Lobe Sciences Completes Previously Announced Sale of Cannabis Assets to Ionic Brands
Strategic sale of non-core assets by Lobe adds non-dilutive capital and shareholder value.
Vancouver, British Columbia–(Newsfile Corp. – March 8, 2021) – Lobe Sciences Ltd. (CSE: LOBE) (OTC Pink: GTSIF) (“Lobe” or the “Company”) is pleased to announce, further to its press release dated February 23, 2021, that it has completed the sale to Ionic Brands Corp. (“Ionic Brands”) of Lobe’s non-core cannabis assets relating to Washington-based Cowlitz County Cannabis Cultivation Inc. (“Cowlitz”) held by Lobe’s subsidiary vendor, Green Star Biosciences Inc. (the “Transaction”).
Philip Young, CEO and Director of Lobe stated, “This sale provides us with substantial non-dilutive capital to grow our business and accelerate our research and device development. Ionic Brands has been expanding their footprint in the US cannabis market, and this sale allows Lobe to continue to be invested in this exciting sector. The Company continues to focus on its psychedelics business segment, and plans to provide an update on its pre-clinical studies with the University of Miami in the near future. The Company intends to capitalize on the growing mental health sector including the use of other psychedelics with and without NAC using our proprietary nasal delivery device.”
- Strengthens Lobe’s balance sheet with $1.75 million cash on closing
- Provides equity ownership in Ionic Brands through the issuance of class E non-voting preferred shares which carry a two-year 13% annual, cumulative, preferential dividend on the issue price per share of $0.30, and which are convertible into common shares of Ionic Brands on a one-for-one basis, as well as additional equity upside through warrants to purchase up to 4,000,000 common shares (subject to Lobe’s covenant not to convert if conversion would result in Lobe becoming an insider of Ionic Brands based on post-conversion beneficial ownership)

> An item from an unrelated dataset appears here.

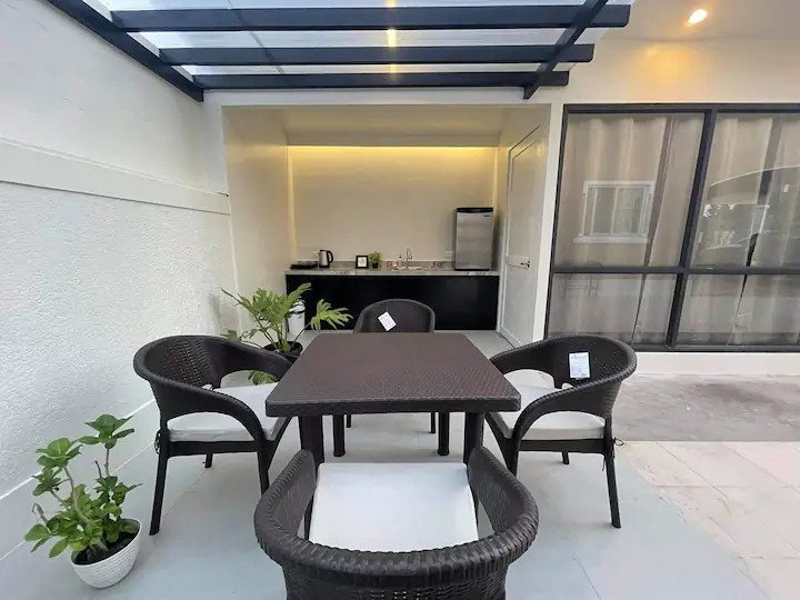 During your stay, you’ll also have a private patio where you can dine alfresco. You can cook your meals in the equipped outdoor kitchen; it has a samgyup grill, BBQ grill, basic appliances, and basic kitchen utensils.

- Commitment from Ionic Brands to significantly improve its balance sheet through the conversion of outstanding Debentures
- Lobe’s subsidiary vendor issued a US$50,000 promissory note from Ionic Brands bearing interest at 7% and maturing in two years, secured against the purchased assets
- Allows Lobe to continue to be exposed to the cannabis sector and the broader mental health and wellness industry utilizing transformative medicine, while permitting Lobe to focus on its core business relating to R&D of psychedelic medicines
- Provides Lobe with certain minority board representation rights with respect to the board of directors of Ionic Brands
Further to the Company’s press release dated February 23, 2021, in connection with the closing of the Transaction, the Company amended the terms of the asset purchase agreement governing the Transaction. In particular, and following Ionic Brand’s news release on March 2, 2021 confirming that it had closed a $14.7 million oversubscribed private placement and had entered into debenture conversion and voting support agreement with holders of 80.2% of the outstanding principal amount of secured convertible debentures (the “Ionic Debentures”), Ionic Brands covenanted in favour of Lobe’s vendor subsidiary to convert, within 60 days following the date hereof, at least 90% of the principal amount of the outstanding Ionic Debentures, resulting in obligations outstanding (including principal and accrued interest, if any) of no more than $1,800,000 as at the date of conversion. Furthermore, Ionic Brands has agreed to certain minority board nomination rights in favour of Lobe.
For further details regarding the Transaction, please refer to the news release of the Company dated February 23, 2021 and the asset purchase agreement dated February 22, 2021 between the Company’s subsidiary vendor and Ionic Brands in respect of the Transaction, copies of which are filed under Lobe’s SEDAR profile at www.sedar.com.